# Winterize Sprayer?



## MrWink (Nov 1, 2019)

My little Tritech is my baby. Grown really fond of it, I love my Lil' T7! The thought never crossed my mind, before. What should I do before I put it in the pole barn for the winter? Doubt I'll be doing any spraying over the winter. I could store it in the basement, but my wife doesn't appreciate it as much as I do. Maybe I need to make more money...She would appreciate it, or I could afford to keep the pole barn heated throughout the winter? Make more is probably the answer, but, it's too late in the year for that. I'll make more next year, I promise! So, in a pinch, what is the best way to winterize my little baby?


----------



## Gracobucks (May 29, 2011)

It would be best if you kept it in your basement, but if you want to leave it in a unheated barn, run paint thinner or RV winterizing fluid through it. Window washing fluid for cars would work as well but make sure it's not summer fluid.


----------



## RH (Sep 7, 2010)

Graco makes an antifreeze just for sprayers. But if you use it, be careful around pets. It can be deadly for them just like regular antifreeze. I have a a $2300 vet bill around somewhere to prove it.


----------



## cocomonkeynuts (Apr 14, 2017)

graco/asm, tritech make special pump storage fluid which is mostly proplyene glycol. You can use food grade proplyene glycol if you want to make sure its safe around pets. I just use the cheap car antifreeze. RV antifreeze is alcohol based.


----------



## MrWink (Nov 1, 2019)

Thanks for the info. I ran mineral spirits through it, thinking that would work. I was second guessing that decision yesterday. Glad I asked!


----------



## Lightningboy65 (Mar 12, 2018)

The storage fluids sold under the sprayer manufacture names are more expensive...$8.00/ qt is the cheapest I could find it. RV anti-freeze is about $4.00/gal, cheap thinner about the same. They all will work.

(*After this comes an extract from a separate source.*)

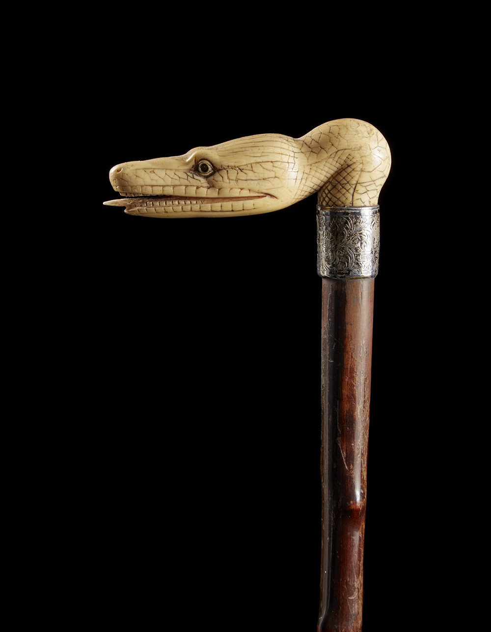 Bastone con canna in nocciolo e impugnatura in avorio scolpita a testa di serpente. Ghiera in argento inciso a volute. Punzoni di Birmingham 1916. Argentiere E.S. A wood walking stick with ivory handle. Silver collar, Birmingham 1916. Silversmith E.S.

Thinner is cheap and what I always had on hand...so it's what I use.

I agree it's best to store in a heated environment if possible.


----------



## cocomonkeynuts (Apr 14, 2017)

Lightningboy65 said:


> The storage fluids sold under the sprayer manufacture names are more expensive...$8.00/ qt is the cheapest I could find it. RV anti-freeze is about $4.00/gal, cheap thinner about the same. They all will work.
> 
> Thinner is cheap and what I always had on hand...so it's what I use.
> 
> I agree it's best to store in a heated environment if possible.



proplyene glycol is a good option because its pet/food safe and water soluble. I try to avoid thinner because I don't like cleaning it out of the pump and disposing of it after.


----------



## Lightningboy65 (Mar 12, 2018)

cocomonkeynuts said:


> proplyene glycol is a good option because its pet/food safe and water soluble. I try to avoid thinner because I don't like cleaning it out of the pump and disposing of it after.


Don't dispose of the thinner...that stuff is pretty clean coming out of the sprayer and can be reused. We recycled our thinner for years. Good for the environment and the wallet.

I agree it's not as environmentally friendly as PG, but since already on hand it is more coveinient.


----------



## PNW Painter (Sep 5, 2013)

Several years ago I attended a PDCA class about sprayer maintenance. The Titan Rep and a mechanic from a local repair company that were teaching the class both recommended RV anti-freeze.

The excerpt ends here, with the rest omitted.